Hallo Weed888! |wavey: 
Ich mach' dir jetzt mal 'ne kurze Auflistung der Genehmigungen mit Preisen, die du bei dem Verein beziehen kannst, dem ich auch angehöre. Das mit dem Verein mußt du nicht so eng sehen, du hast keinerlei Verpflichtungen, es geht sich nur darum, daß man die Genehmigung für die holländische Rur dort bekommt.

1. Groote Vergunning, Limburgse Vergunning, für Senioren von 16 - 65 Jahre:
   20 €

2. Maasplassen Vergunning
    6 €

3. Roer Vergunning
    4,50 €

In jedem Fall brauchst du die "Sportvisakte", das ist sowas wie der deutsche Fischereischein, nur brauchst du dafür keine Prüfung abzulegen. Diese Sportvisakte bekommst du in den schon genannten Angelgeschäften oder bei jedem holländischen Postamt.
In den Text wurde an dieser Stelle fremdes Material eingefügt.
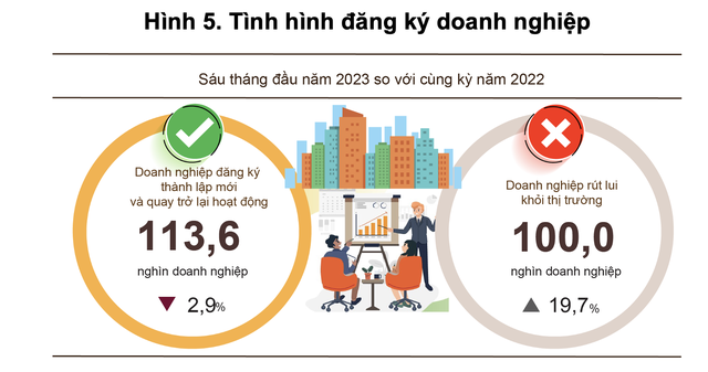 Tính chung 6 tháng đầu năm 2023, số doanh nghiệp tạm ngừng kinh doanh có thời hạn 60.200 doanh nghiệp (tăng 18,2% so với cùng kỳ năm trước); 31.000 doanh nghiệp ngừng hoạt động chờ làm thủ tục giải thể (tăng 28,9%); 8.800 doanh nghiệp hoàn tất thủ tục giải thể (tăng 2,8%). Như vậy sau nửa đầu năm 2023 đã có 100.000 doanh nghiệp đóng cửa (16.700 doanh nghiệp đóng cửa mỗi tháng).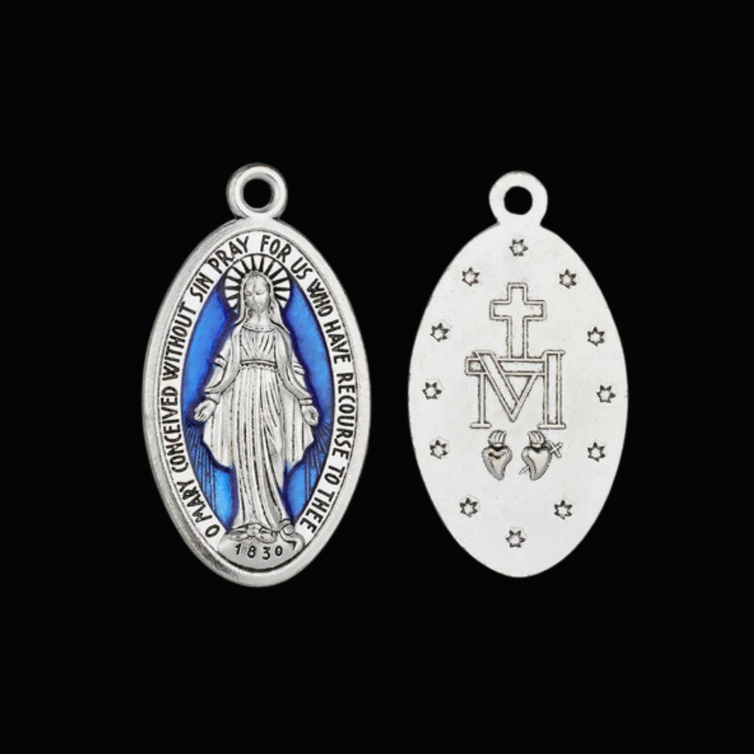 Beautiful Blue Enamel Virgin Mary Miraculous Medal inscribed with "O Mary Conceived Without Sin Pray for Us Who Have Recourse to Thee"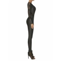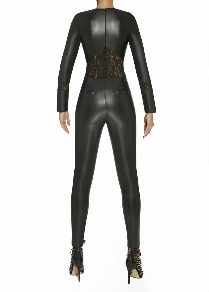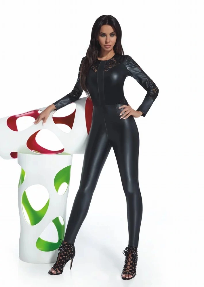 Sexy kombinéza, která je vyrobená z eko kůže a svůdné krajky. Kombinéza má kulatý výstřih, dlouhé rukávy a vzadu se zapíná na zip. V zadní části jsou umístěné patky imitující kapsičky. Jemnost: 200 DEN.Materiál ECO-LEATHER imituje kůži, je plně kryjící, elastický a modeluje postavu. Tento materiál je vyrobený z přízí renomovaných producentů s mezinárodním certifikátem Oeko-Tex.

Kosten hierfür sind 9,50 €.

Also, jetzt liegt's an dir.
 |wavey:


----------



## Weed888 (27. Februar 2005)

*AW: Anglescheine für holland auch in Deutschland erhältlich?*

das hört sich gut an!!! kriegt man denn die roer vergunning auch in eschweiler oder würselen??? wollte die dann morgen holen und evtl. mal an der rur ne runde spinnen oder mit treibender pose mit wurm oder maden mal dem einen oder anderen fisch das handwerk legen!!lol kannste ein paar tiefe und langsam fließende stellen empfehlen oder heisst es da selber suchen??


----------



## marca (28. Februar 2005)

*AW: Anglescheine für holland auch in Deutschland erhältlich?*

Man sollte natürlich auch berücksichtigen;dass wenn man die holländischen Papiere kauft in der Regel dann auch Mitglied in einem niederländischem Verein ist!
Danach würde ich auf alle Fälle achten, wenn ich mir die Papiere kaufen wollte.
Wenn man die also z.B. beim Bergsma in Kerkrade kauft ist man automatisch im kerkrader Angelverein und kann immer für Ümmesonst deren Weiher,etc. befischen. Nur mal so zum Nachdenken.


----------